Reading

CiPO: Counterfactual Unlearning for Large Reasoning Models via Iterative Preference Optimization

This article proposes the CiPO framework, which performs iterative preference optimization by generating counterfactual reasoning trajectories. It completely removes target knowledge while preserving the model's reasoning ability, solving the challenge of machine unlearning for large reasoning models.

机器遗忘学习大型推理模型反事实推理偏好优化CiPO隐私保护CoT推理

Published 2026-04-17 16:56Recent activity 2026-04-20 10:20Estimated read 7 min

CiPO: Counterfactual Unlearning for Large Reasoning Models via Iterative Preference Optimization

Section 01

Introduction: The CiPO Framework Solves the Unlearning Challenge for Large Reasoning Models

This article proposes the CiPO (Counterfactual Unlearning through Iterative Preference Optimization) framework, which performs iterative preference optimization by generating counterfactual reasoning trajectories. It completely removes target knowledge while preserving the model's reasoning ability, solving the dilemma of machine unlearning for Large Reasoning Models (LRMs).

Section 02

Background of Machine Unlearning and Challenges Faced by LRMs

The Rise of Machine Unlearning

In recent years, machine unlearning has become a hot topic in AI. Its goal is to selectively remove unwanted information (privacy, copyright, outdated knowledge, etc.) from models without retraining.

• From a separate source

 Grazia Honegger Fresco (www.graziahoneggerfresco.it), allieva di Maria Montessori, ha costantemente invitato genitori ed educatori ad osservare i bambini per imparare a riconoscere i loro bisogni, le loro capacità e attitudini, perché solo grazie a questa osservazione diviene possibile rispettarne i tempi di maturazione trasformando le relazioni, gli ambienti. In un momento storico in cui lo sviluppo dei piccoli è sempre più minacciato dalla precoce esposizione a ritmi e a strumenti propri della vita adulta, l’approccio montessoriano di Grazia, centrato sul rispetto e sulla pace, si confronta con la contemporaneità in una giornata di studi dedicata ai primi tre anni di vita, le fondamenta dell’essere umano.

Unique Challenges of Unlearning in LRMs

LRMs emphasize Chain-of-Thought (CoT) reasoning, but existing methods face a dilemma:

Superficial Unlearning: Only focuses on final outputs, ignoring CoT—sensitive information still remains in reasoning traces;
Over-Unlearning: Large-scale parameter updates impair general reasoning ability.

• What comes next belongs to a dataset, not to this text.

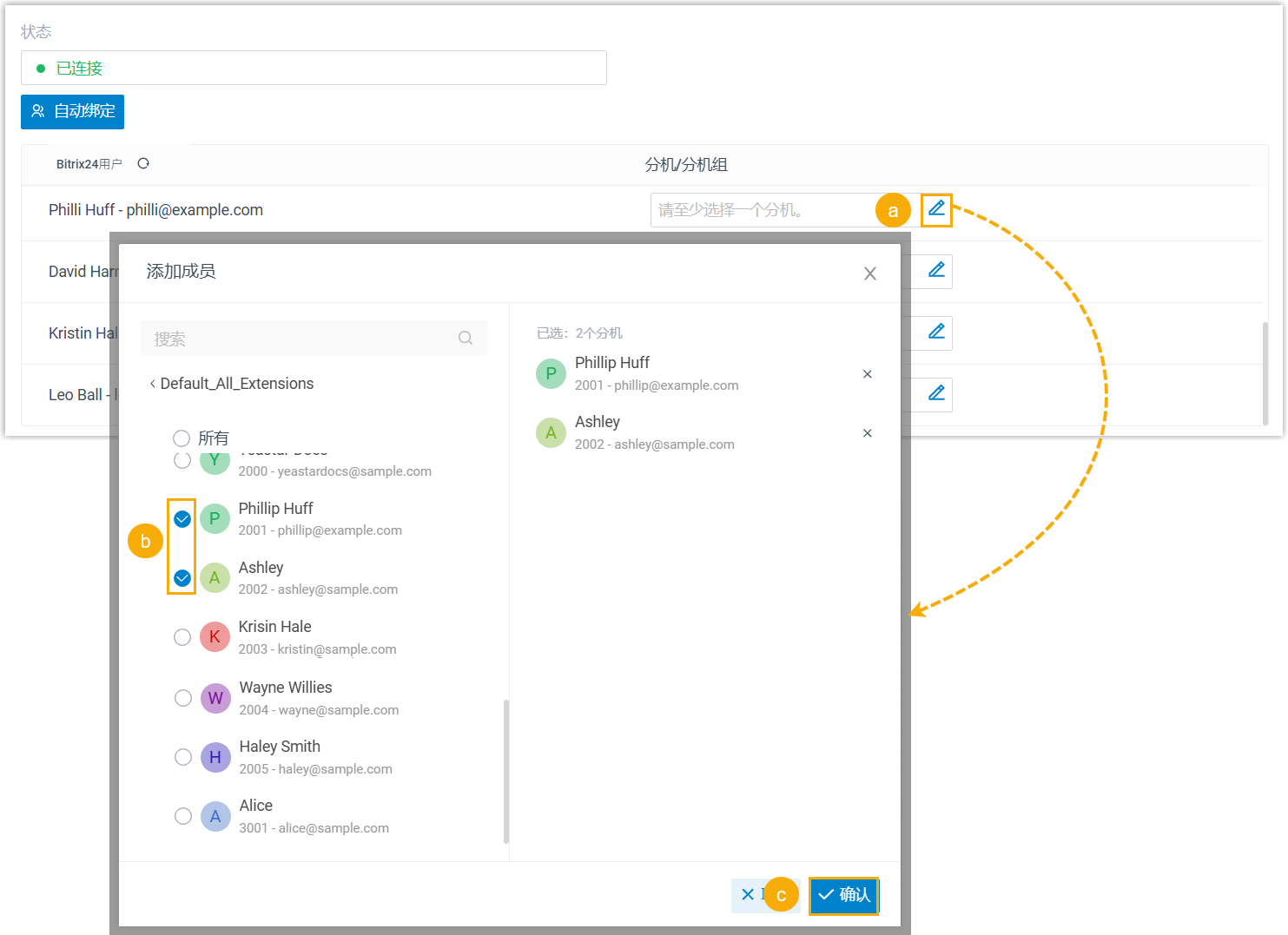 - 绑定 Bitrix24 用户和 PBX 分机.。

Balancing thorough unlearning and preserving reasoning ability is the core challenge.

Section 03

Core of the CiPO Framework: Counterfactual Reasoning and Iterative Preference Optimization

Core Concept: Counterfactual Reasoning Trajectories

For target knowledge, guide the model to generate logically valid reasoning trajectories with different conclusions, avoiding the target knowledge (e.g., when forgetting "Paris is the capital of France", generate uncertain reasoning).

Steps of Iterative Preference Optimization

Generate counterfactual reasoning;
Construct preference pairs (counterfactuals as preferred samples, reasoning containing target knowledge as non-preferred samples);
Use DPO to adjust the model to favor counterfactual reasoning;
Iteratively update preference data to ensure thorough unlearning.

Section 04

Technical Details of CiPO: Counterfactual Generation and Dynamic Preference Update

Counterfactual Reasoning Generation Strategies

Knowledge Boundary Prompting: Inform the model that certain information is outside its knowledge scope;
Alternative Path Exploration: Encourage solution paths that do not rely on target knowledge;
Logical Consistency Constraint: Ensure reasoning is self-consistent.

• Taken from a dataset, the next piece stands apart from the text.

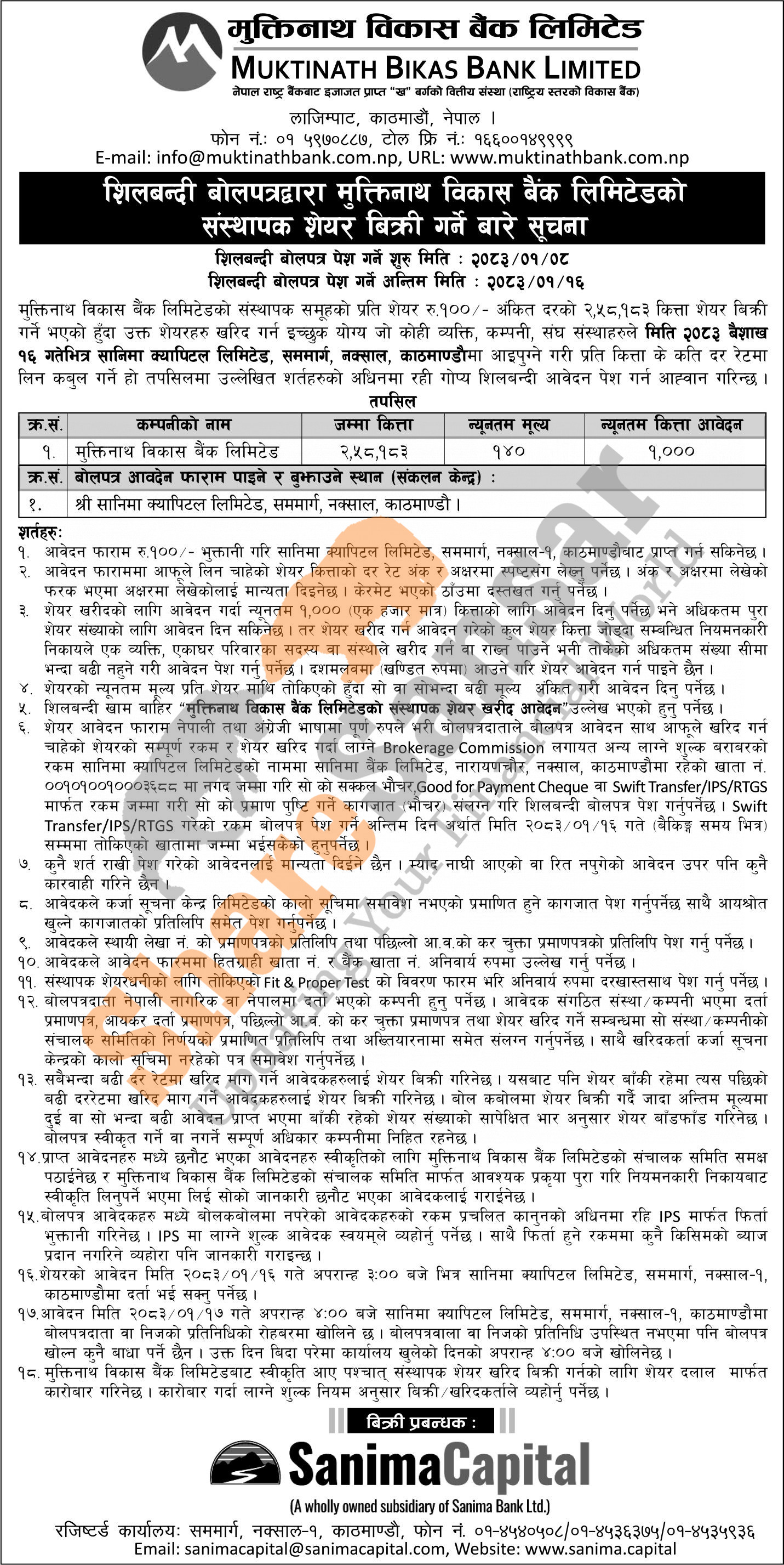 The existing promoter of Muktinath Bikas Bank Limited is selling its 2,58,183 units promoter share in an auction to the interested person/company/institutions from 8th Baisakh to 16th Baisakh, 2083.

Dynamic Preference Data Update

Regularly sample the current model outputs, update non-preferred samples to prevent premature convergence and ensure thorough unlearning.

Section 05

Experimental Validation: Effectiveness and Advantages of CiPO

Thorough Unlearning Validation

CiPO completely removes target knowledge (neither final answers nor CoT reasoning contain target information), meeting privacy compliance requirements.

Preservation of Reasoning Ability

On standard reasoning benchmarks, the performance gap between CiPO-processed models and original models is significantly smaller than that of other methods.

Baseline Comparison

Gradient Ascent Method: Thorough unlearning but impairs reasoning;
Knowledge Distillation Method: Preserves reasoning but incomplete unlearning;
CiPO: Achieves the best balance between the two.

Section 06

Application Scenarios and Social Value of CiPO

Privacy Compliance: Respond to users' "right to be forgotten" without retraining;
Copyright Protection: Remove specific copyrighted content;
Fact Update: Replace outdated knowledge;
Harmful Content Filtering: Remove inappropriate content.

Section 07

Technical Limitations and Future Directions of CiPO

Limitations

High computational cost (multiple training rounds);
The quality of counterfactual reasoning for complex knowledge needs improvement;
Stability issues in multi-knowledge unlearning;
Insufficient interpretability of the unlearning mechanism.

Future Directions

Explore efficient optimization strategies, improve counterfactual quality, solve multi-knowledge unlearning issues, and enhance interpretability.

Section 08

Conclusion: The Significance of CiPO for AI Governance

CiPO solves the dilemma of LRM unlearning through counterfactual reasoning and iterative preference optimization, providing a new path for the controllability, safety, and compliance of AI systems. It is an important advancement in the field of machine unlearning.